We present the LEMAS-Dataset, which, to our knowledge, is currently the largest open-source multilingual speech corpus with word-level timestamps. Covering over 150,000 hours across 10 major...
✨VERSE: Visual Embedding Reduction and Space Exploration. Clustering-Guided Insights for Training Data Enhancement in Visually-Rich Document Understanding
📝 Summary:
VERSE is a methodology for analyzing and improving Vision-Language Models in document understanding by visualizing latent representations and generating synthetic data to enhance performance in error-...

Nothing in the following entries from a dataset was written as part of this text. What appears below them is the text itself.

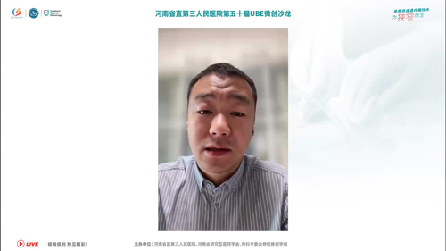会议以线上直播+现场会议的形式召开,本次会议,河南省直三院脊柱微创外科一病区主任、UBE(单侧双通道脊柱内镜)首席专家杨贺军为大会主席,特邀山西省人民医院高刚教授、北京航天中心医院李青松教授、新加坡伊拉莎白医院医疗中心Dr.Pang Hung Wu教授线上参加会议。河南省直三院副院长袁启东,院长助理、脊柱微创外科首席专家周红刚,河南省慈善联合总会·道健基金负责人陈爱云主任,以及来自泰国和巴西的国际脊柱微创外科医生参加开幕式。开幕式由河南省直三院脊柱微创外科副主任申明奎博士主持。
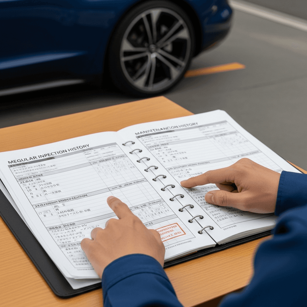 S e-tron GTの整備記録簿に定期点検(12ヶ月・24ヶ月)の履歴が全て記載されていれば「管理の行き届いた車」と高評価。特にエンジンオイル交換履歴は重要で+6~9万円の効果。
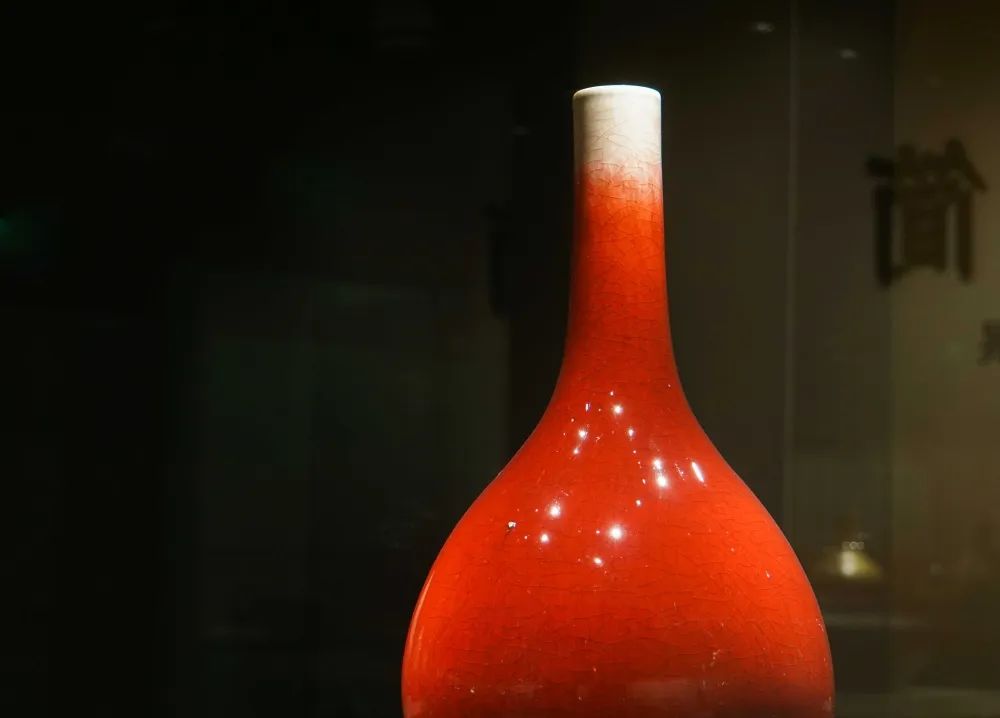 Detail of a red-glazed vase, Qianlong reign (1736-1795) of the Qing Dynasty (1644-1911) [Photo/Official WeChat account of the Shunde District Museum]

🔹 Publication Date: Published on Jan 8
🔹 Paper Links:
• arXiv Page: https://arxiv.org/abs/2601.05125
• PDF: https://arxiv.org/pdf/2601.05125
• Project Page: https://huggingface.co/spaces/de-Rodrigo/Embeddings
• Github: https://github.com/nachoDRT/VrDU-Doctor
✨ Datasets citing this paper:
• https://huggingface.co/datasets/de-Rodrigo/merit
✨ Spaces citing this paper:
• https://huggingface.co/spaces/de-Rodrigo/Embeddings
• https://huggingface.co/spaces/de-Rodrigo/saliencies
==================================
For more data science resources:
✓ https://t.me/DataScienceT
#AI #DataScience #MachineLearning #HuggingFace #Research
📝 Summary:
VERSE is a methodology for analyzing and improving Vision-Language Models in document understanding by visualizing latent representations and generating synthetic data to enhance performance in error-...

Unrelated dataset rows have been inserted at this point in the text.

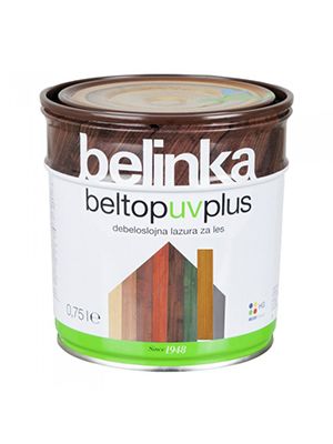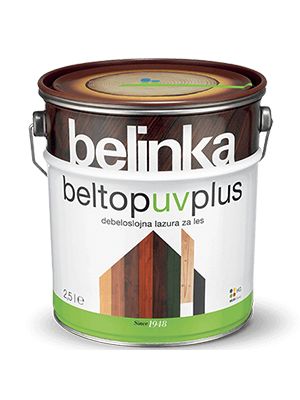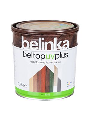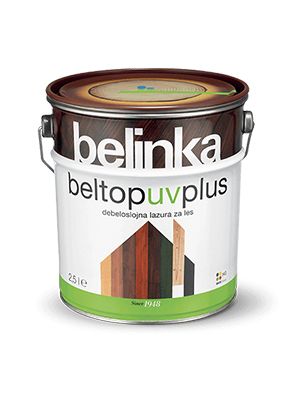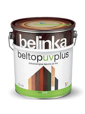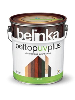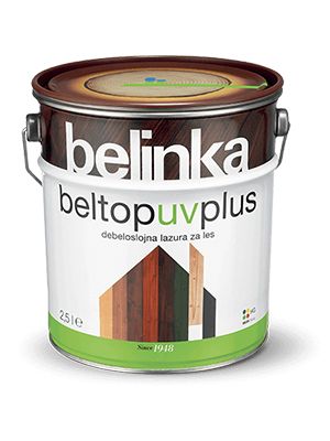 Beltop UV Plus je debeloslojna lazura koja je posebno pogodna za zaštitu drveta izloženog lošijim vremenskim uticajima za zaštitu drveta izloženog lošijim vremenskim uticajima preporučujemo za prozore i vrata sjajniji završni izgled površine.Pored UV filtera i apsorbera sadrži i hvatače slobodnih radikala koji najefikasnije sprečavaju propadanje premaza. Drvetu daje dimenzionu stabilnost i zato ga preporučujemo za prozore i vrata i za zaštitu svih elemenata od čvrstog listopadnog drveta. Biramo ga kada želimo sjajniji završni izgled površine. Beltop UV Plus zbog svoje visoke viskoznosti ne kaplje s četke. Izrađujemo ga u 17 standardnih nijansi.Drvo izloženo vremenskim uticajima uvek pre nanošenja Beltopa UV Plus impregnirajte Bellesom. Da bi se prilikom obnavljanja izbeglo potamnjivanje površine, obojenom Beltopu UV Plus može se dodati najviše ista količina bezbojnog Beltopa UV Plus i tako pripremljenom mešavinom se premazuje površina.Kada premazujemo baštenski nameštaj ili drvene elemente koji će biti mehanički opterećeni, pre opterećenja ih sušimo nedelju dana.UpozorenjeBezbojni Beltop UV Plus br.1 nije pogodan kao završni premaz preko tamno obojenih površina ili za premazivanje tamnih vrsta drveta, jer posebni UV filteri i apsorberi mogu da prouzrokuju mlečni izgled površine.Pre upotrebe promešati, ne razređivati. Nanosimo četkicom ili valjkom u 2 sloja na suvo, izbrušeno i prethodno očišćeno drvo(Beltop UV Plus br. 1 u 3 sloja), koje je bilo prethodno impregnirano Bellesom. Broj slojeva prilagoditi propisanoj potrošnji. Pri normalnim vremenskim uslovima vreme sušenja između pojedinačnih slojeva premaza iznosi 24 sata. Alat odmah nakon upotrebe očistite
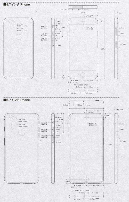 Trong sơ đồ thiết kế đến từ trung tâm Apple Mac Otakara của Nhật Bản. Mẫu iPhone mới (iPhone 6) phiên bản có màn hình 4.7 inch sẽ có kích thước 137 x 66 x 7 mm (iPhone 5S có kích thước 123.8 x 58.6 x 7.6 mm). Trong khi phiên bản lớn hơn có màn hình 5.7 inch với kích thước 157 x 77 x 6.7 mm, màn hình này giúp nó sánh ngang với Galaxy Note 3, nhưng hẹp và mỏng hơn nhiều.
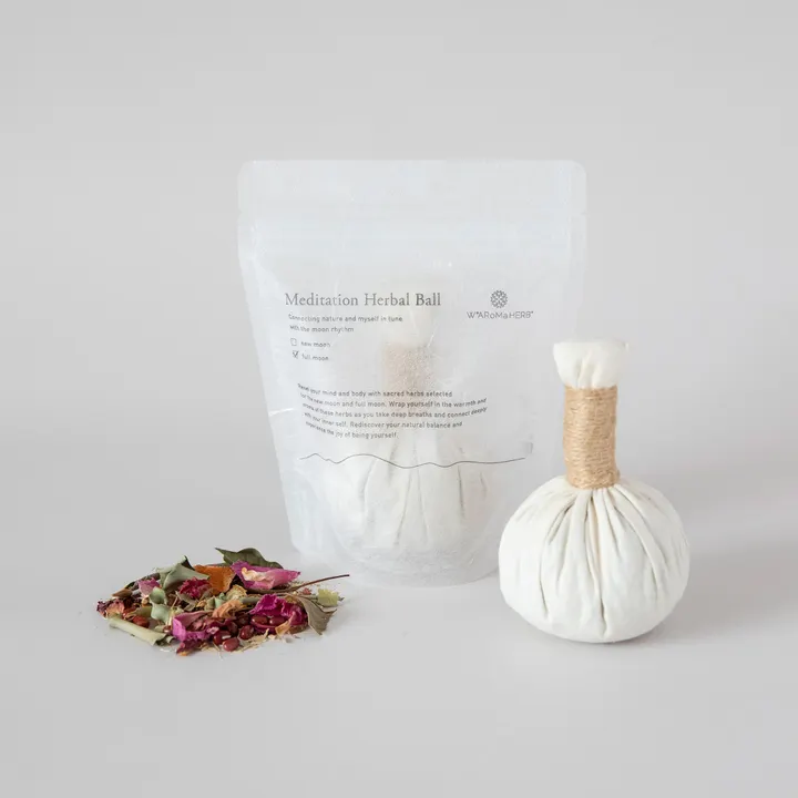 *メディテーションハーブボール 満月 FULL MOON* ―月のリズムにあわせて 自然と繋がる、私と繋がる― メディテーションハーブボールは、忙しい毎日の中で、自分に意識を向ける時間が取りづらいという方に、自分と対話し、自分と向き合う習慣を大切にしてほしいという想いを込めて作りました。新月と満月のテーマでブレンドした神聖なハーブボールの香りと温かさに包まれて、深呼吸とともに、自分の内側へと深く繋がっていきます。メディテーションハーブボールは、本当の自分を生きる喜びを取り戻し、豊かで幸せな人生を送りたいと願うあなたをサポートします。 【商品説明】 <満月> 心と体を解放し、高揚したエネルギーを鎮静・リラックスさせるハーブをブレンド。芳醇で神秘的な香りは、本当の自分を受容し、愛と幸福感で満たします。本来の輝きを取り戻して、より純度の高い「私」に還ります。 *ハーブボールとは? 何種類ものハーブを布に包み、温かく蒸したものを全身に押し当てるトリートメントです。ハーブの香りに包まれ、全身を芯から温めてくれる「ハーブのお灸」と言われています。タイやインドなどのアジア諸国を中心に、昔から伝統医療の一つとして治療で使われており、現在も病院で薬として提供されています。ハーブボールの柔らかさと温かさ、そして香りは心と体を芯まで温め、深いリラックスへと導くと言われています。
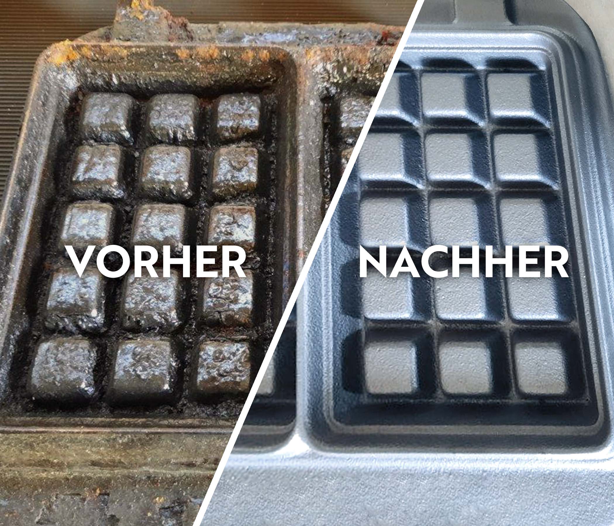 - Sämtliche Rückstände werden entfernt (z.B. Rost, eingebrannte Zuckerreste, Verkrustungen, Fettreste, Teigrückstände). Es bleibt lediglich das blanke Metall zurück.

🔹 Publication Date: Published on Jan 8
🔹 Paper Links:
• arXiv Page: https://arxiv.org/abs/2601.05125
• PDF: https://arxiv.org/pdf/2601.05125
• Project Page: https://huggingface.co/spaces/de-Rodrigo/Embeddings
• Github: https://github.com/nachoDRT/VrDU-Doctor
✨ Datasets citing this paper:
• https://huggingface.co/datasets/de-Rodrigo/merit
✨ Spaces citing this paper:
• https://huggingface.co/spaces/de-Rodrigo/Embeddings
• https://huggingface.co/spaces/de-Rodrigo/saliencies
==================================
For more data science resources:
✓ https://t.me/DataScienceT
#AI #DataScience #MachineLearning #HuggingFace #Research
✨Safety at One Shot: Patching Fine-Tuned LLMs with A Single Instance
📝 Summary:
Safety alignment of large language models can be fully recovered with a single safety example, maintaining utility and achieving convergence in few epochs through identified low-rank gradient structur...
🔹 Publication Date: Published on Jan 5
🔹 Paper Links:
• arXiv Page: https://arxiv.org/abs/2601.01887
• PDF: https://arxiv.org/pdf/2601.01887
==================================
For more data science resources:
✓ https://t.me/DataScienceT
#AI #DataScience #MachineLearning #HuggingFace #Research
📝 Summary:
Safety alignment of large language models can be fully recovered with a single safety example, maintaining utility and achieving convergence in few epochs through identified low-rank gradient structur...
🔹 Publication Date: Published on Jan 5
🔹 Paper Links:
• arXiv Page: https://arxiv.org/abs/2601.01887
• PDF: https://arxiv.org/pdf/2601.01887
==================================
For more data science resources:
✓ https://t.me/DataScienceT
#AI #DataScience #MachineLearning #HuggingFace #Research
✨MiroThinker: Pushing the Performance Boundaries of Open-Source Research Agents via Model, Context, and Interactive Scaling
📝 Summary:
We present MiroThinker v1.0, an open-source research agent designed to advance tool-augmented reasoning and information-seeking capabilities. Unlike previous agents that only scale up model size or co...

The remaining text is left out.